══ Given material ══

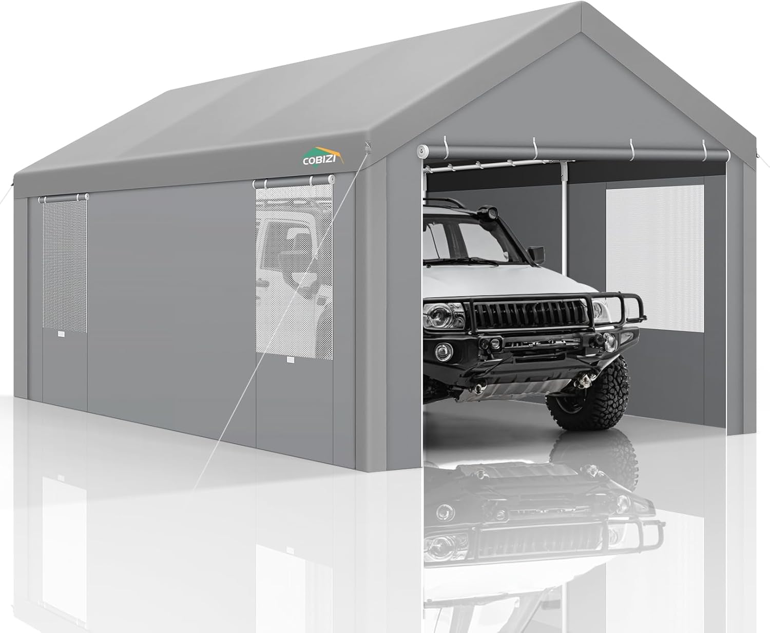 COBIZI Carports 10x20 Heavy Duty Car Canopy Garage with Removable Sidewalls & Doors, Galvanized Frame Portable Carport Canopy with Built-in Sandbags & All-Season Tarp for Car Boat Truck, Gray
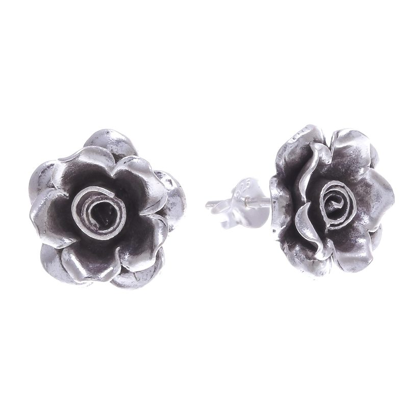 Delicate roses blossom as charming button earrings. From Pakaon Sojintarit, they are handcrafted of 950 silver by Karen hill tribe artisans. The petite flowers pose on sterling silver posts.
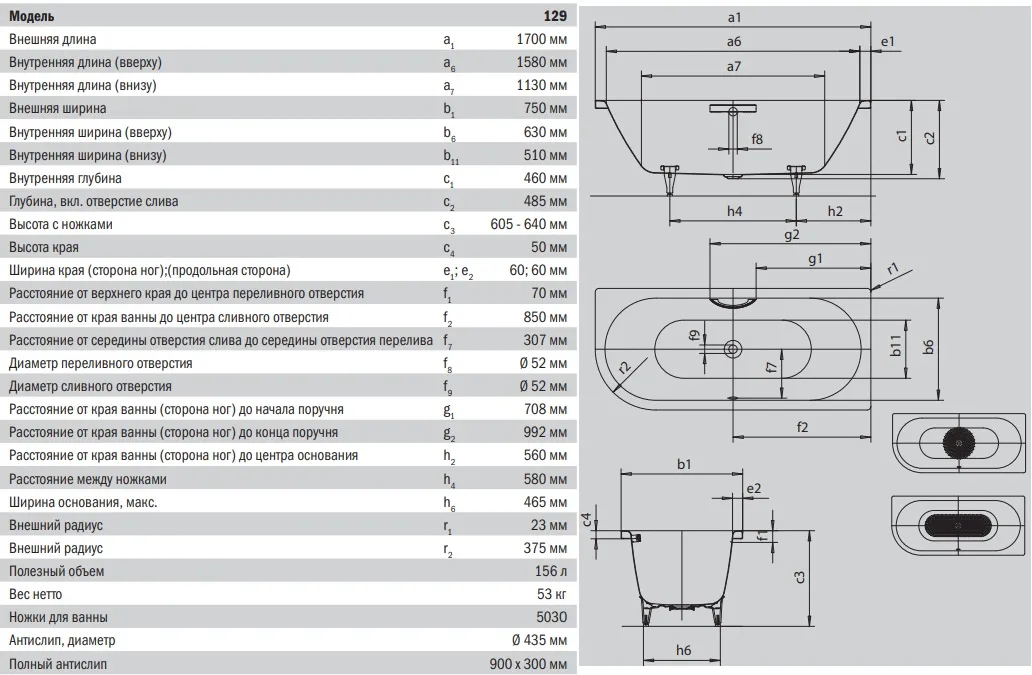 Характеристики товара Ванна стальная Kaldewei Centro Duo 1 левая 170x75 mod. 129 anti-slip+easy-clean белый 282930003001
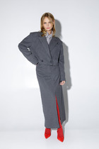 Длина жакета по спинке около 66 см в размерах 40-46 и около 69 см в размерах 48-52, длина рукавов около 61 см. Длина брюк по боковому шву с поясом около 97 в размерах 40-46 и около 98,5 см в размерах 48-52, длина по внутреннему шву около 70 см.

═══

▶ **Task objective**
Print only the lines from the one with "Delicate roses blossom" through the last line of the data above, exactly and with both ends, and please omit any pictures.

▶ **Response to the task**
 Delicate roses blossom as charming button earrings. From Pakaon Sojintarit, they are handcrafted of 950 silver by Karen hill tribe artisans. The petite flowers pose on sterling silver posts.
 Характеристики товара Ванна стальная Kaldewei Centro Duo 1 левая 170x75 mod. 129 anti-slip+easy-clean белый 282930003001
 Длина жакета по спинке около 66 см в размерах 40-46 и около 69 см в размерах 48-52, длина рукавов около 61 см. Длина брюк по боковому шву с поясом около 97 в размерах 40-46 и около 98,5 см в размерах 48-52, длина по внутреннему шву около 70 см.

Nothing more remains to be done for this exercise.